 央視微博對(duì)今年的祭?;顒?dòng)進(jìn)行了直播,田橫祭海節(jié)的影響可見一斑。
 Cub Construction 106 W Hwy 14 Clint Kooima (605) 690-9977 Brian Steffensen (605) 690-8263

---

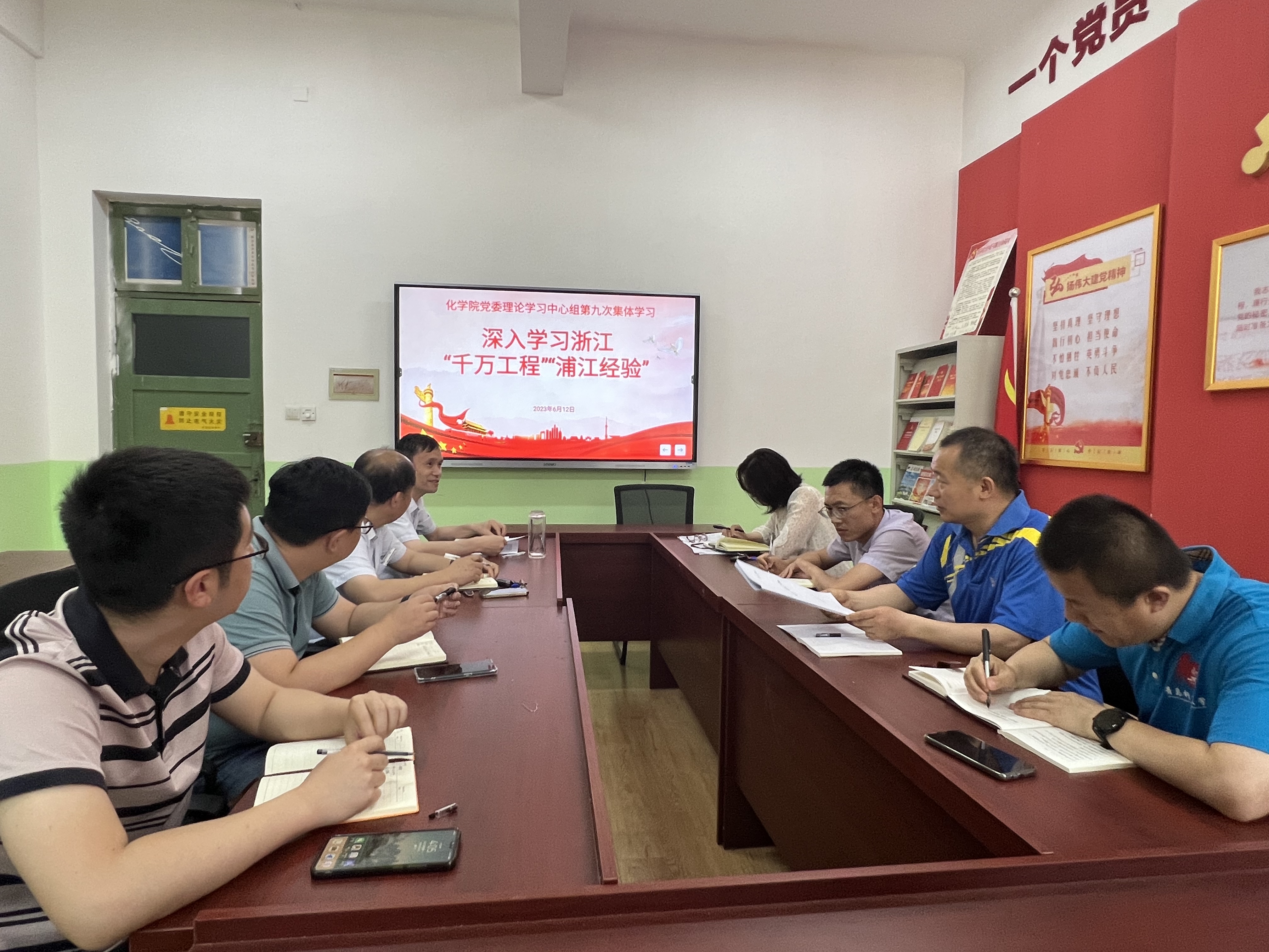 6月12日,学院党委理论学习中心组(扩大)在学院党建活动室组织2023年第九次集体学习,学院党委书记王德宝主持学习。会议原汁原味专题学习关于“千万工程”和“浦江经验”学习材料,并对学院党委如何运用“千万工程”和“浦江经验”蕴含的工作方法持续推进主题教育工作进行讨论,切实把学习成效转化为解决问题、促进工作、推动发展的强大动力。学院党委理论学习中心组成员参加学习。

--

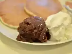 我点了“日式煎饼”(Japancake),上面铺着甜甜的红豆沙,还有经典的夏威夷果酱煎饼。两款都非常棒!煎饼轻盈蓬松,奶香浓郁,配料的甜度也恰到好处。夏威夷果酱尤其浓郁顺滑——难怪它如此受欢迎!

# [What is needed]
Starting with the line above that holds "央視微博對(duì)今年的祭" and stopping with the line that holds "Cub Construction 106", reproduce each line exactly, omitting all other lines.

# [Response for this exercise]
 央視微博對(duì)今年的祭?;顒?dòng)進(jìn)行了直播,田橫祭海節(jié)的影響可見一斑。
 Cub Construction 106 W Hwy 14 Clint Kooima (605) 690-9977 Brian Steffensen (605) 690-8263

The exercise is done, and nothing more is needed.